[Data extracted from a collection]
+ + + + +

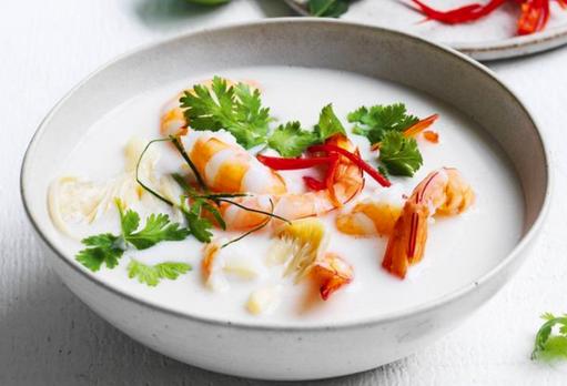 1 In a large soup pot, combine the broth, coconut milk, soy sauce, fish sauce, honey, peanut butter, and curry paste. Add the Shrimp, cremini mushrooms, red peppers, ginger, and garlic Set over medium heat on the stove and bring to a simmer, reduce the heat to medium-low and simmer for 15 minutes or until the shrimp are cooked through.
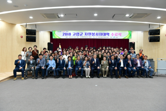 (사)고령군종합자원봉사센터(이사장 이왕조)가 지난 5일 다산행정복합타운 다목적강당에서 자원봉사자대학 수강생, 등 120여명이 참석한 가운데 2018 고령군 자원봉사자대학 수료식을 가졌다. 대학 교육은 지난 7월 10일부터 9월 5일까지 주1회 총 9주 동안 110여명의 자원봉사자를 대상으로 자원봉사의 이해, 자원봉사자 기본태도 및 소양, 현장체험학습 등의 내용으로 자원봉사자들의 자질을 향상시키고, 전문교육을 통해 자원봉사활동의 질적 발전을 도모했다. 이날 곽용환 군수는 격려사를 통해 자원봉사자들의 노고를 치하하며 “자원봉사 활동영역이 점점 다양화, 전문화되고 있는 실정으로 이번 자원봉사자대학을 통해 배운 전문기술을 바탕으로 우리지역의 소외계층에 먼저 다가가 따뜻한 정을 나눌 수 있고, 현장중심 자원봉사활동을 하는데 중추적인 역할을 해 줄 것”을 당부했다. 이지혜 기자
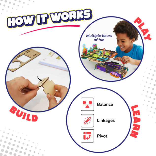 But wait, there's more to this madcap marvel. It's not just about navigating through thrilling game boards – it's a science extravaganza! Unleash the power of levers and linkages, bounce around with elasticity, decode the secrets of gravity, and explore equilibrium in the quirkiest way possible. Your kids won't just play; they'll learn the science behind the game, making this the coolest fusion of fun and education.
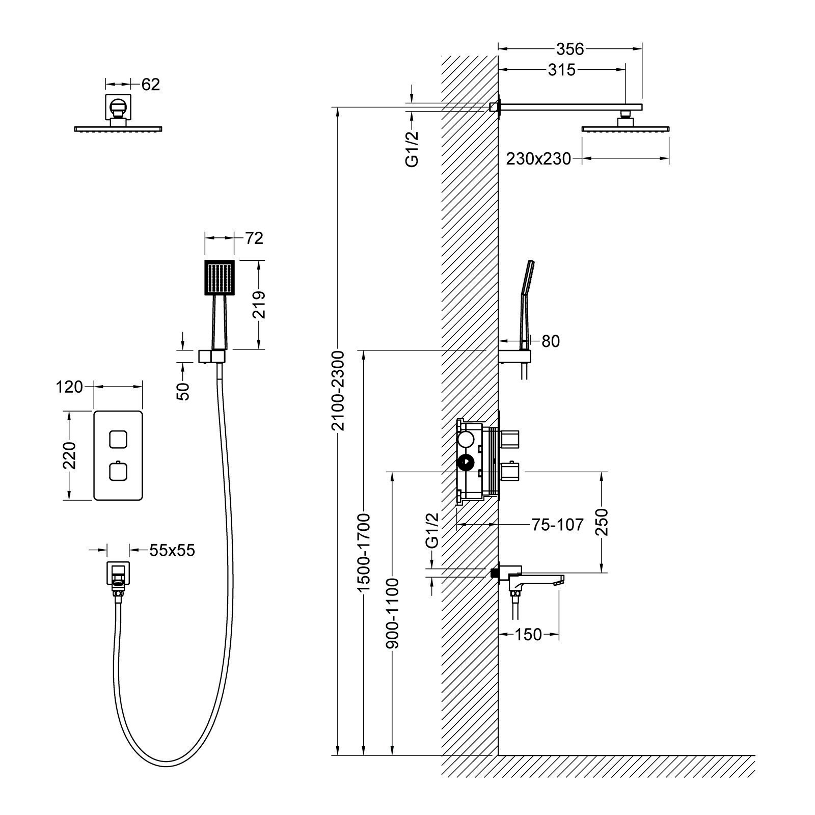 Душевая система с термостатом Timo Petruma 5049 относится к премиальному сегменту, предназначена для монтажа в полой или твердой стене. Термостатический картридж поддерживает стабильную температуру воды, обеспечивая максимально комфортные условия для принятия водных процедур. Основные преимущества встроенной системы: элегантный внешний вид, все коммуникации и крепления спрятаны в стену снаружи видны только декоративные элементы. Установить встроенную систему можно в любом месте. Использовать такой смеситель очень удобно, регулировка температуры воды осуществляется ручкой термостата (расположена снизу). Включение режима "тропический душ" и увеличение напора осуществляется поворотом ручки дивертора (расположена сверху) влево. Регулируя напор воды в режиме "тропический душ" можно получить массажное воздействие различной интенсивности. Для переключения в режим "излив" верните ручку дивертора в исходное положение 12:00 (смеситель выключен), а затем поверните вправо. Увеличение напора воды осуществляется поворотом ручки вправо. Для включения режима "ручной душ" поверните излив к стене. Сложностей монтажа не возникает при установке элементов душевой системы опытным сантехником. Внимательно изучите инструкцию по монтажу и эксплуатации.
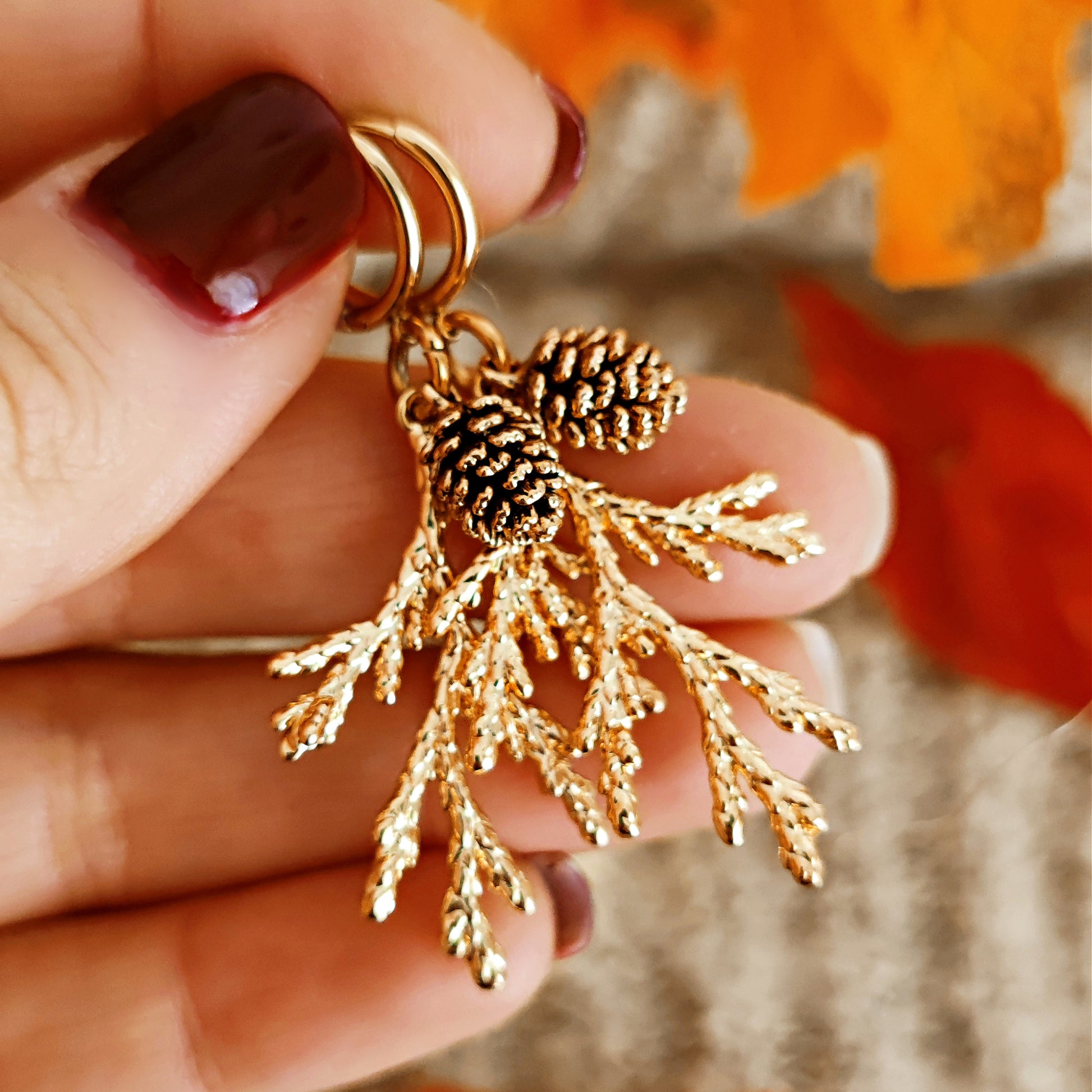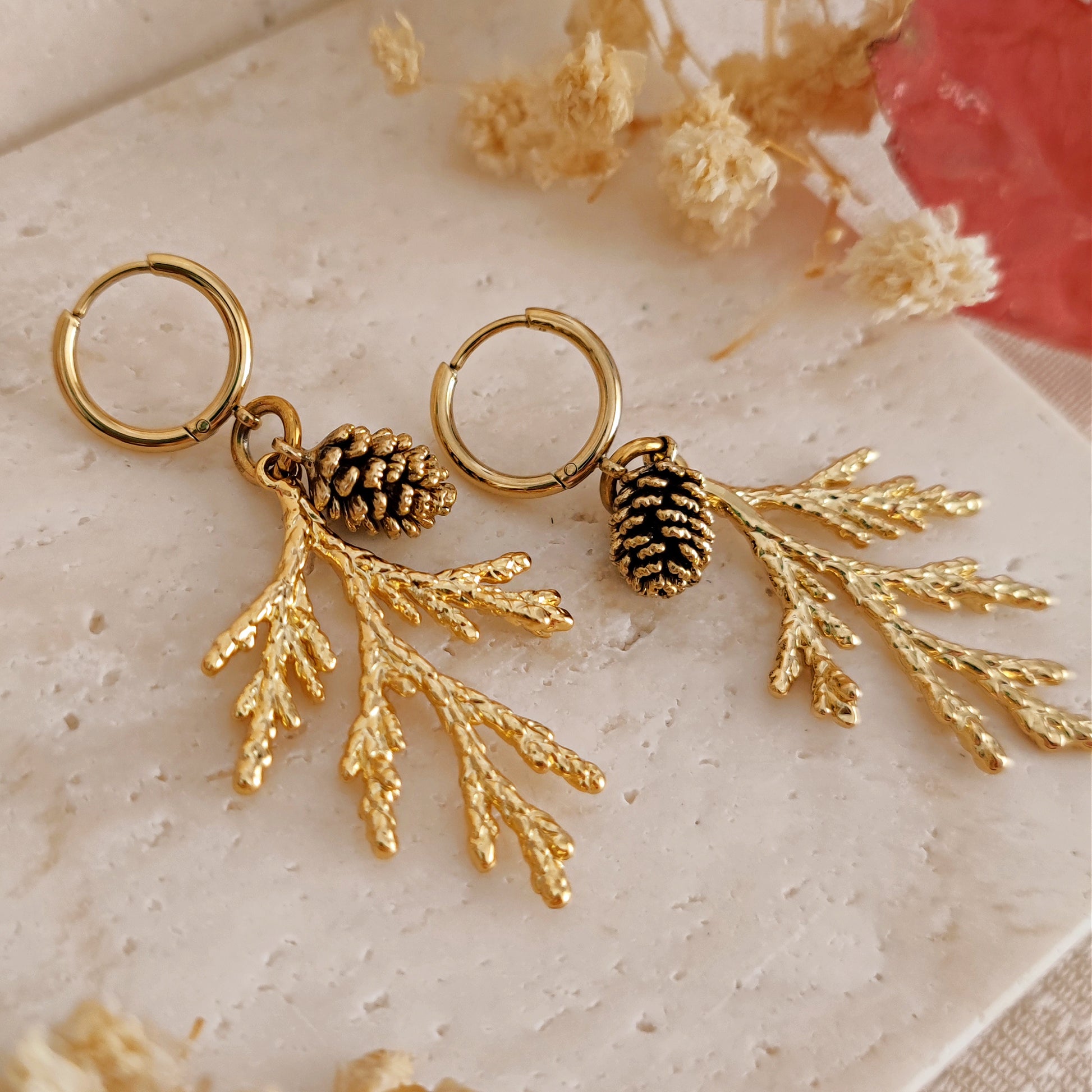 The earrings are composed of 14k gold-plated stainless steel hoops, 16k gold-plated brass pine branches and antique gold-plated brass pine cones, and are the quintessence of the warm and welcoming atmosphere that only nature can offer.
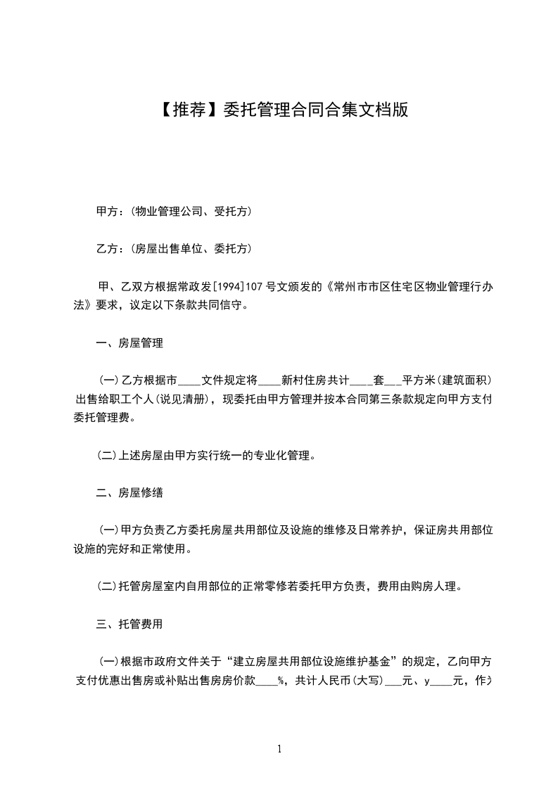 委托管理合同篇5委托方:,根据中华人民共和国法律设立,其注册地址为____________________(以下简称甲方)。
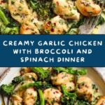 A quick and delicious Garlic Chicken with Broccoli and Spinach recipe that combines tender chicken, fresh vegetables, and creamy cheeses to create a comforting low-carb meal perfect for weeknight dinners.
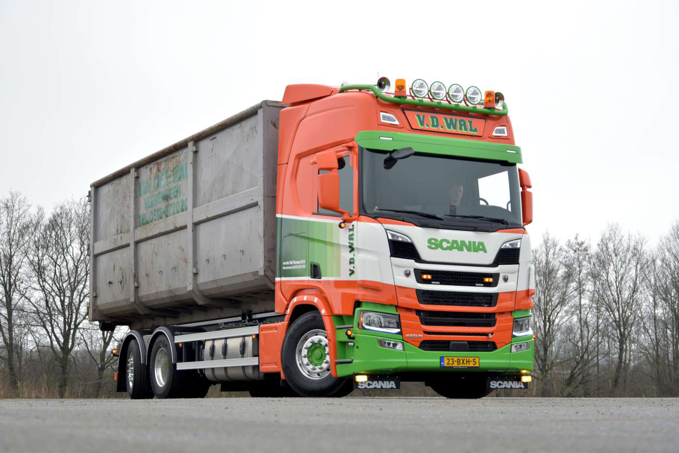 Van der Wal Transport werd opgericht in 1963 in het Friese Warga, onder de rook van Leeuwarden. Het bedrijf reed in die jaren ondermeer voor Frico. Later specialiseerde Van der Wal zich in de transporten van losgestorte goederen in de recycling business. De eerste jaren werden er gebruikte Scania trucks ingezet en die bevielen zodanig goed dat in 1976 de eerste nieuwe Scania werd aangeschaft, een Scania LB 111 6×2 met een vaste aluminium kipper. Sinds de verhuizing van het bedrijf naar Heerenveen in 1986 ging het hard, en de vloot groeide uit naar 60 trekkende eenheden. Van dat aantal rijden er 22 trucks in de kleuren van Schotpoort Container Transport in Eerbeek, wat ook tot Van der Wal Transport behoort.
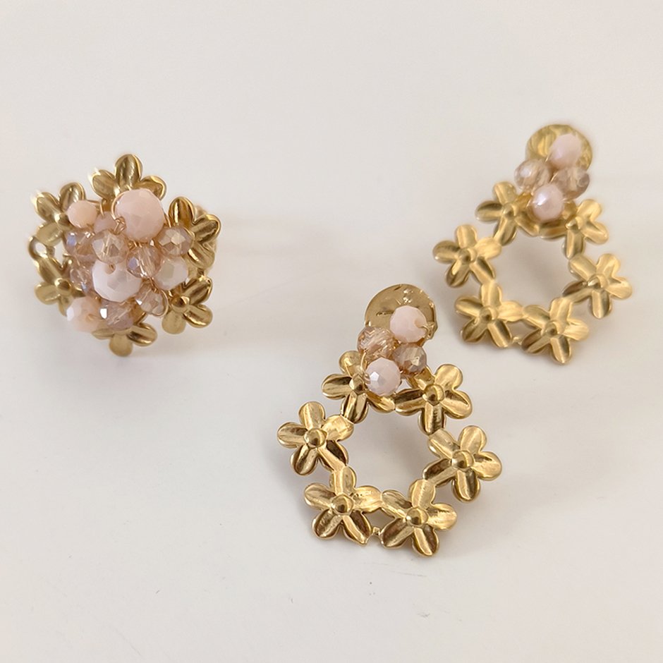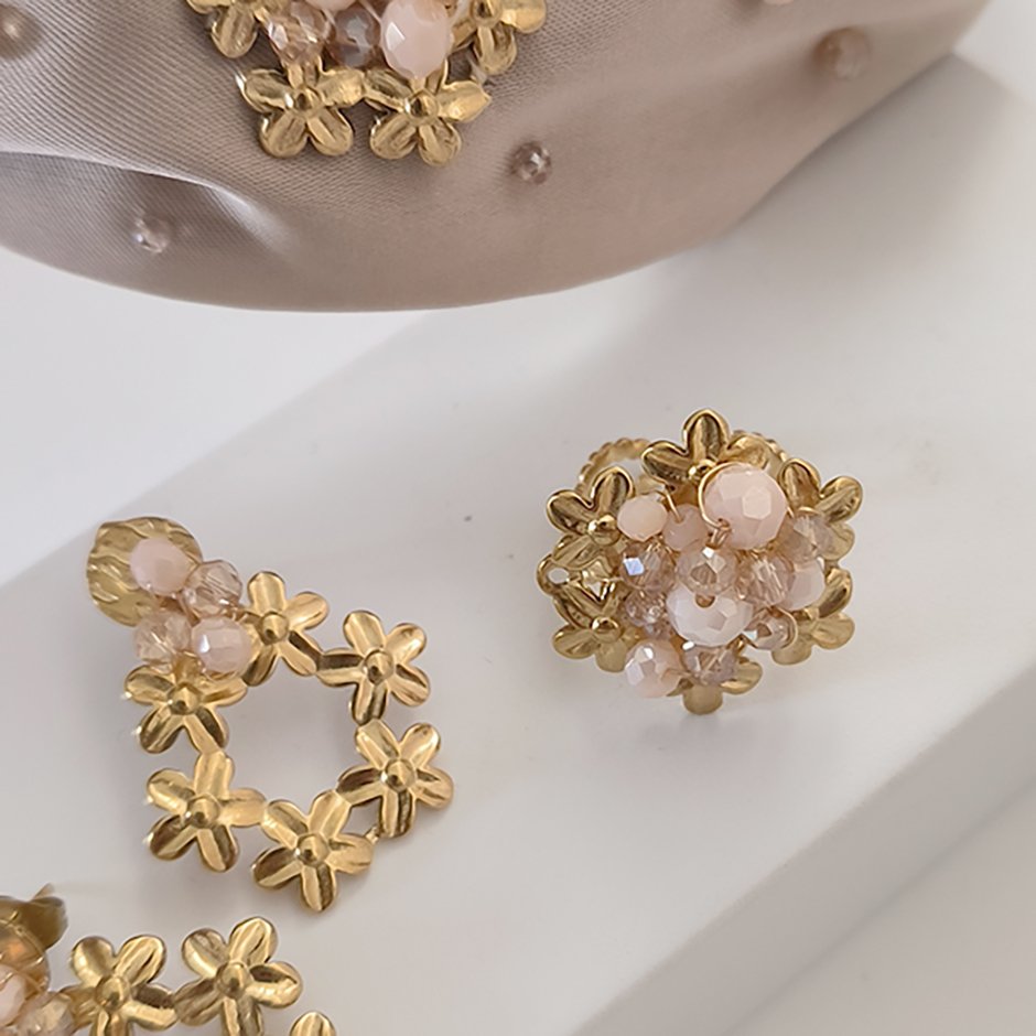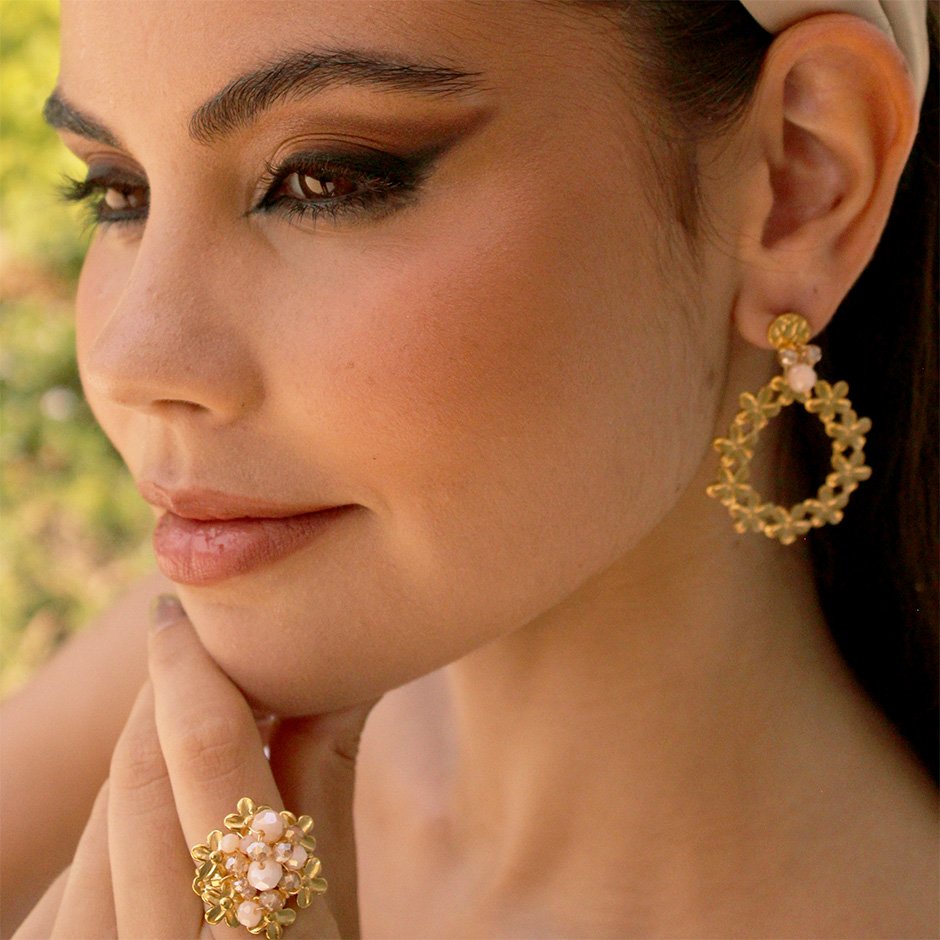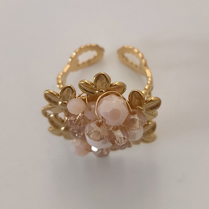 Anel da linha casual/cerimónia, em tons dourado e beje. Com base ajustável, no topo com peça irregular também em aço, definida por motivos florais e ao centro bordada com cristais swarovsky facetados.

+ + + + +

Return word for word the lines from the beginning of the entries through the line that contains "But wait, there's", both ends included, but no pictures.

[Answer below]
 1 In a large soup pot, combine the broth, coconut milk, soy sauce, fish sauce, honey, peanut butter, and curry paste. Add the Shrimp, cremini mushrooms, red peppers, ginger, and garlic Set over medium heat on the stove and bring to a simmer, reduce the heat to medium-low and simmer for 15 minutes or until the shrimp are cooked through.
 (사)고령군종합자원봉사센터(이사장 이왕조)가 지난 5일 다산행정복합타운 다목적강당에서 자원봉사자대학 수강생, 등 120여명이 참석한 가운데 2018 고령군 자원봉사자대학 수료식을 가졌다. 대학 교육은 지난 7월 10일부터 9월 5일까지 주1회 총 9주 동안 110여명의 자원봉사자를 대상으로 자원봉사의 이해, 자원봉사자 기본태도 및 소양, 현장체험학습 등의 내용으로 자원봉사자들의 자질을 향상시키고, 전문교육을 통해 자원봉사활동의 질적 발전을 도모했다. 이날 곽용환 군수는 격려사를 통해 자원봉사자들의 노고를 치하하며 “자원봉사 활동영역이 점점 다양화, 전문화되고 있는 실정으로 이번 자원봉사자대학을 통해 배운 전문기술을 바탕으로 우리지역의 소외계층에 먼저 다가가 따뜻한 정을 나눌 수 있고, 현장중심 자원봉사활동을 하는데 중추적인 역할을 해 줄 것”을 당부했다. 이지혜 기자
 But wait, there's more to this madcap marvel. It's not just about navigating through thrilling game boards – it's a science extravaganza! Unleash the power of levers and linkages, bounce around with elasticity, decode the secrets of gravity, and explore equilibrium in the quirkiest way possible. Your kids won't just play; they'll learn the science behind the game, making this the coolest fusion of fun and education.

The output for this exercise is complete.